1. `common.py` — eval wrapper + summary utilities
2. `best_of_n.py` + smoke-test on RMSNorm
3. `iterative.py` + smoke-test on RMSNorm
4. Run both across all 9 benchmarks at N=144
5. `mini_swe_harness.py` — agent baseline using mini-swe-agent; run on 5-kernel subset
6. Update `JAXBENCH_OPTIMIZATION_PLAN.md` results section with baseline comparisons

## Open questions (resolved)

- **Early stopping:** None. All baselines run the full N regardless of convergence, for fair budget comparison.

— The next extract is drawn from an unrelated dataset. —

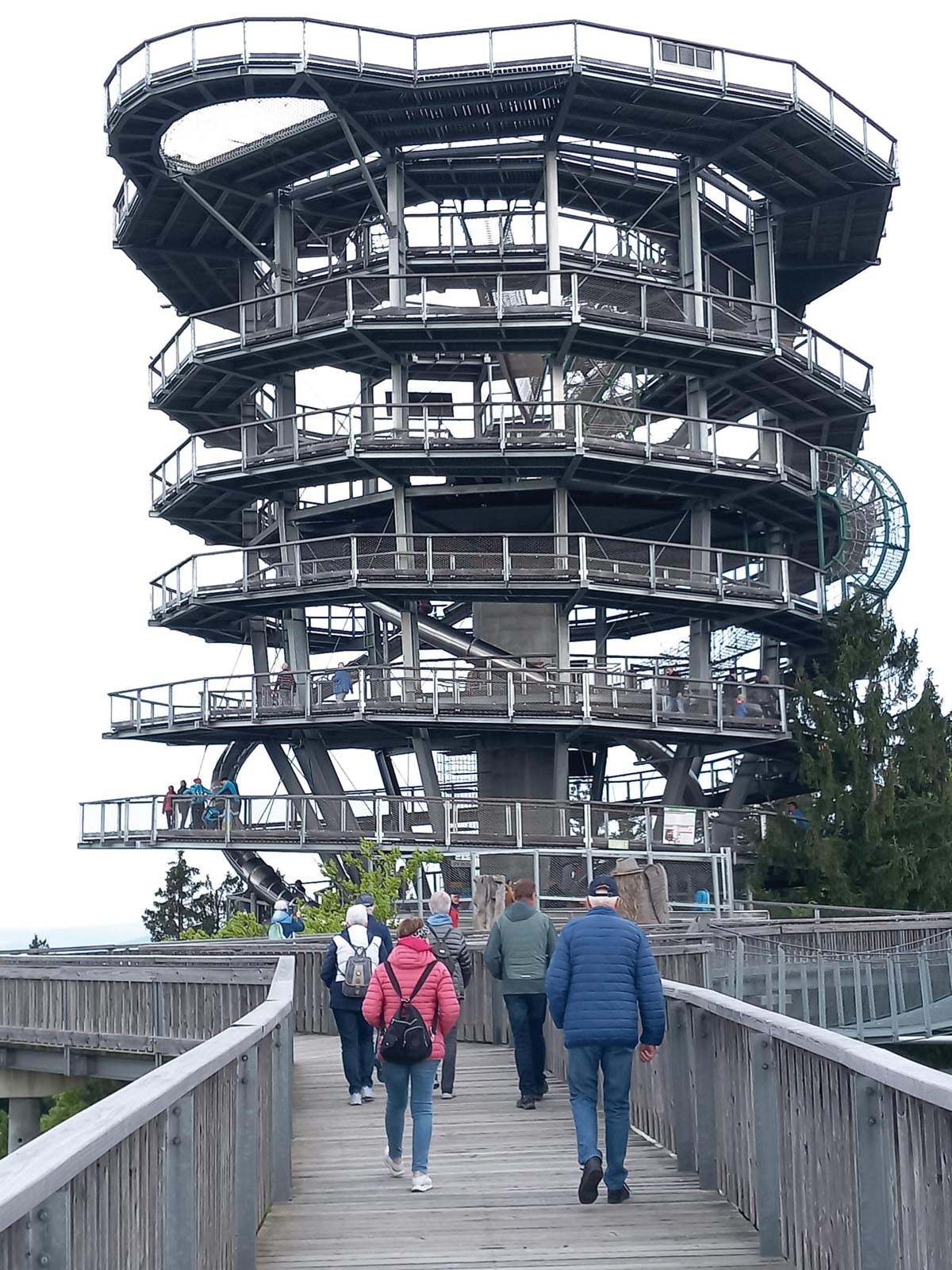 Dienstag, 16. Mai 2023: „Der Wipfel der Gefühle“, ein 52 m hoher Wald-Turm mit dem Wald-Wipfelweg, für Jung und Alt ein Erlebnis, leicht zu bewältigen, sogar barrierefrei. Der absolut spannende Pfad „Optische Phänomene“ zog so manchen in seinen Bann, der Natur Erlebnis Pfad und weitere lehrreiche Attraktionen ließ die Zeit wie im Flug vergehen. Also ließen wir Maibrunn und St. Englmar hinter uns und steuerten die Stadt CHAM an. In der „Wasserwirtschaft“ an der Regen, einem durch die „Blaue Brücke“, einem markanten Bauwerk – Verbindung der Innenstadt mit dem Naherholungsgebiet „Quadfeldmühle“ -, erfreuten wir uns an der sehr guten Küche und dem gemütlichen Ambiente.

- **Failure accounting:** Failed candidates (compile errors, wrong output) count against the budget. Same rules as Autocomp.
- **Iterative failure handling:** On iter K failure, retry in place (feeding the failed code + stderr back and asking for a fix) up to M times before advancing. Retries count against the N budget. When all retries exhaust, advance with last-known-good code as the starting point and a note about the failed attempt.
- **Agent baseline:** Switched from Gemini CLI to mini-swe-agent. Gemini CLI's unrestricted shell access allowed "free" syntax checks and local tests not counted against the eval budget; mini-swe-agent counts every LLM turn (each of which issues bash commands), ensuring fair action accounting.